The Ethics Of… Private Schools

If there’s one sure way to rile up a person, it’s to have a go at their kids. Not children or young people in general, who most will agree are an issue well worth discussing, but rather their children specifically. It’s amazing how even the most rational, placid and intelligent of people will go utterly bananas if you attempt to criticise their children, and while most parents are level-headed enough to realise that their kids aren’t perfect in every way, even your mildest child-owner is going to get their hackles up if you mention the magic phrase:

Your kid isn’t special.


Of course thinking your own kids are special is pretty standard fare for a parent – after all I’d be slightly worried if you didn’t have more attachment to your own offspring than to anyone else’s. Indeed I know quite a few proud and loving parents that loath children in general and will happily bitch about the critters for hours (so long as it’s not their specific kids we’re talking about) and this sort of bias is pretty understandable.
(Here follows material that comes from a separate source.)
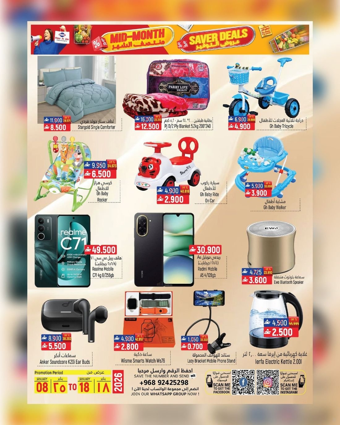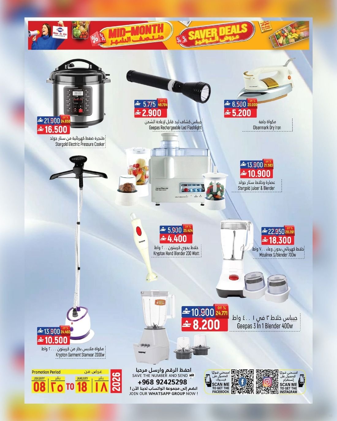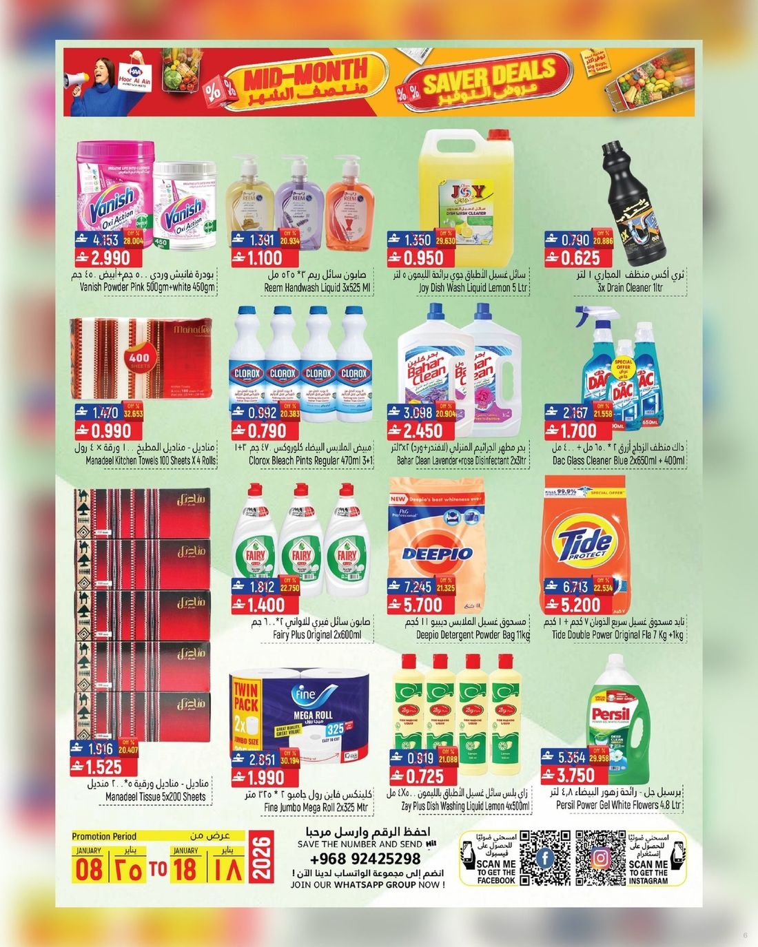 عروض قيمة على الغذائيات ولوازم المنزل في ولاية سناو من حور العين هايبر ماركت، تسوق الآن العديد من المواد الغذائية ولوازم المنزل وبأسعار مخفضة لاتدعو الفرصة تفوتكم وسارعو إلى زيارة حور العين هايبرماركت فرع سناو للاستفادة من العروض القيمة .

It’s only when your tendency to favour your kids stars to spill over into how we treat other people that things start to get a bit ugly, and nowhere is this more the case than the debate about private schools.

Every few years the media gets bored of baiting cyclists, or a politician sees a chance for rabble-rousing and the great debate about ‘public funding for private schools’ sees the light of day again. And every single time it’s the same stupid set of arguments;

‘Why is our tax being spent on rich private businesses? Private schools are massively well funded and patronised by some of the richest families in the country – why do they need or deserve taxpayer funding?’
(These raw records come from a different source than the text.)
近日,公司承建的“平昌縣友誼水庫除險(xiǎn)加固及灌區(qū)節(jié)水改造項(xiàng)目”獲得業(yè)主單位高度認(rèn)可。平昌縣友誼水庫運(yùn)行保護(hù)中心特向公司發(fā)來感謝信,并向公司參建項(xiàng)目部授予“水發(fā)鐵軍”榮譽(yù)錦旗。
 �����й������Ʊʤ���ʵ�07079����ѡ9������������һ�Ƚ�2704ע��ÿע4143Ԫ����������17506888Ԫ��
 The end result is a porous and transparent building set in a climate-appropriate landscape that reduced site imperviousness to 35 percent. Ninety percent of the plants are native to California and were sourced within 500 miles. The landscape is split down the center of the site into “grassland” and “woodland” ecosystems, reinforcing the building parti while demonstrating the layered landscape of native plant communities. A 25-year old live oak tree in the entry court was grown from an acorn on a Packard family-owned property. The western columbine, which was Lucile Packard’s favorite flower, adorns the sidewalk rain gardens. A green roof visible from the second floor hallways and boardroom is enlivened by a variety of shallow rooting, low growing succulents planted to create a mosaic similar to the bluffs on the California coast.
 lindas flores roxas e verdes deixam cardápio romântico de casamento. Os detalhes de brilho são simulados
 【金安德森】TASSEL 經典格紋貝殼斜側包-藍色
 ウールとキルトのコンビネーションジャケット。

‘Private schools take the burden off the public system, educating students for a fraction of what it would cost the state! And since they also produce our best and brightest graduates, what are you complaining about?’

Naturally it takes about 5 minutes for the debate to break down into competing sets of figures and economics jargon, at which point 99% of the audience turns off and the topic gets shelved for another few years. Personally I find this song and dance very disappointing, because it misses a far larger, juicer issue about private schools. Does the private system indeed help the public system by reducing student numbers? Or are they just bourgeoisie leeches, sucking funding out of the public for personal profit? I don’t know and I don’t care. You know what I do care about? Whether the entire concept of a private school can be justified in the first place.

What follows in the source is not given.